Superintendent Tom Fitzgerald, the 42 Division unit commander, said words cannot express her superiors and colleagues feelings about her.
“She’s humble and incredibly passionate about the work she’s doing,” he said. “Because of Jaime’s presence in Bay Mills, Glendower and Chester Le, we are finding it much easier to police in those communities where she has left her imprint. We are so happy to showcase her as an example of what modern policing looks like.”
Inspector David Vickers said Knox is a leader in the Division, which has over 200 uniform and civilian staff.
“She’s a tremendous communicator and extremely dedicated officer,” he added.
Staff Sergeant David Rydzik could not have asked for a better send-off from the Division he has been assigned to for the last seven years.
Knox’s supervisor since 2010, he joined 51 division as an Inspector on June 15.
“I have worked with a ton of police officers over the years and she’s probably one of, if not, the best officers I have ever met in my life,” said Rydzik. “She has a heart of gold and she genuinely cares.”
While Knox stands out for her sterling work in the community, Rydzik said she’s an outstanding cop.
“Jamie knows the territory and the players in the Chester Le, Bay Mills and Glendower neighbourhoods, so whenever a crime is committed there, she’s the first person that our Major Crime Unit and Hold Up Squad contact. She’s a great copper.”
Knox’s father and grandfather – Terry and Jim Clarke respectively who are retired Toronto Police officers – and her mother Sue, who is a Communications Manager with Durham Regional Police Service, attended the event.
Three years ago, Knox was the recipient of the prestigious SRO Award of Excellence at the Ontario Association of Chiefs of Police (OACP) annual meeting in London. The award recognizes a police officer who has contributed to the overall well-being of students and the community in an exemplary manner.
Knox implemented two highly successful programs in the east end Scarborough school. “Sisterhood” addresses female-on-female bullying in a proactive manner and “Guide to Pride” helps disadvantaged young people become leaders and positive role models in their school and the community.

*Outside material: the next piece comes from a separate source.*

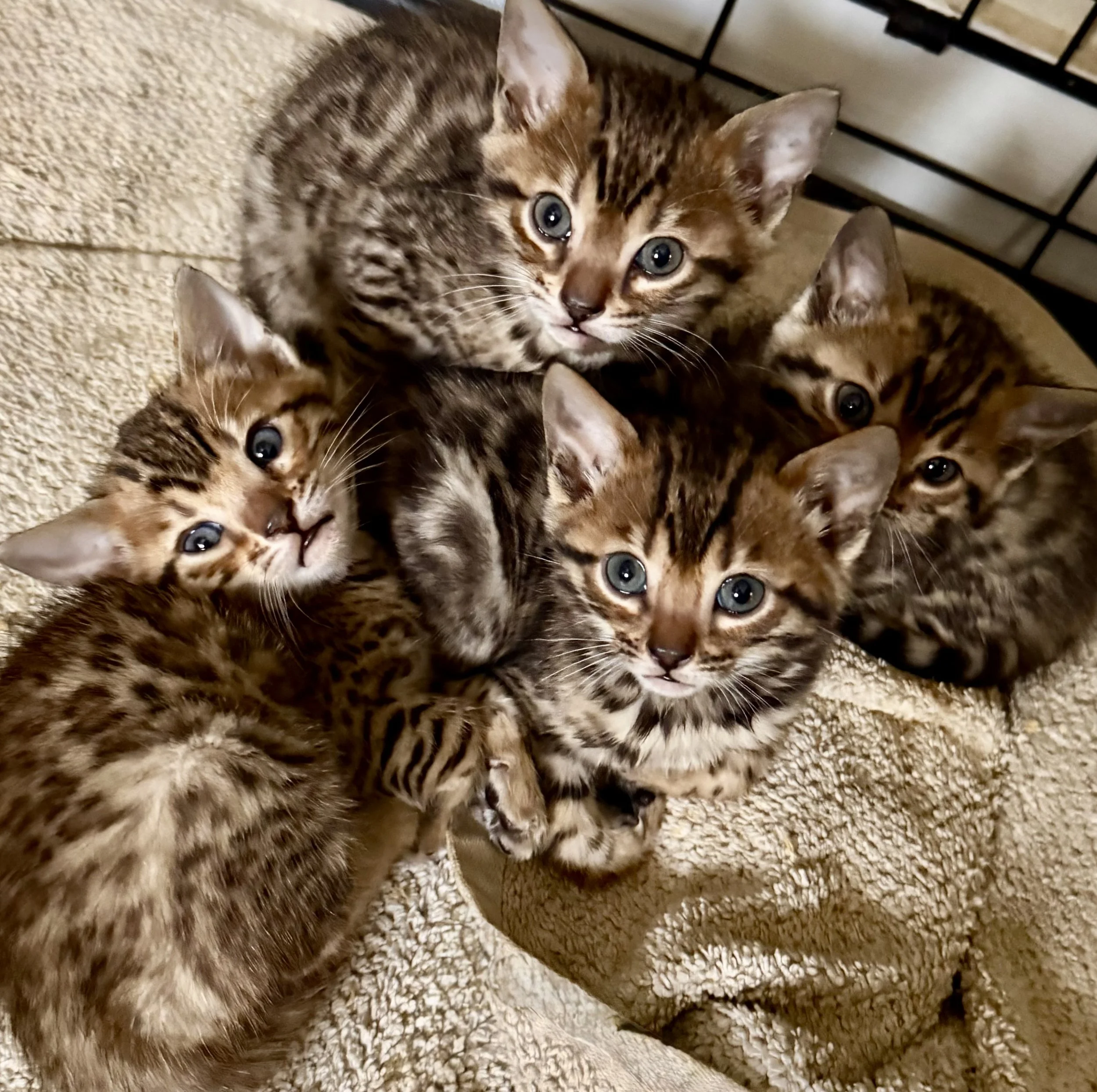 She tends to observe first, then quietly join in, and has a more easygoing, steady personality compared to some of the others. She’s been raised in our home with daily interaction and is well on her way to being a confident, well-socialized kitten.

There were also $500 bursaries, administered by the Division’s CPLC and Chinese Community Liaison Committee, awarded at the fun day.
The recipients were Bryan Yau, Angela Leung and Yuki Situ.
Situ, 15, and 17-year-old Leung attend Agincourt Collegiate Institute while 18-year-old Yau graduated from Francis Libermann Catholic High School and will enter York University’s Schulich School of Business in September.
“This scholarship could not have come at a better time,” said Yau, who aspires to work with charities. “I am now entering university, my sister is in university and my brother is in law school.”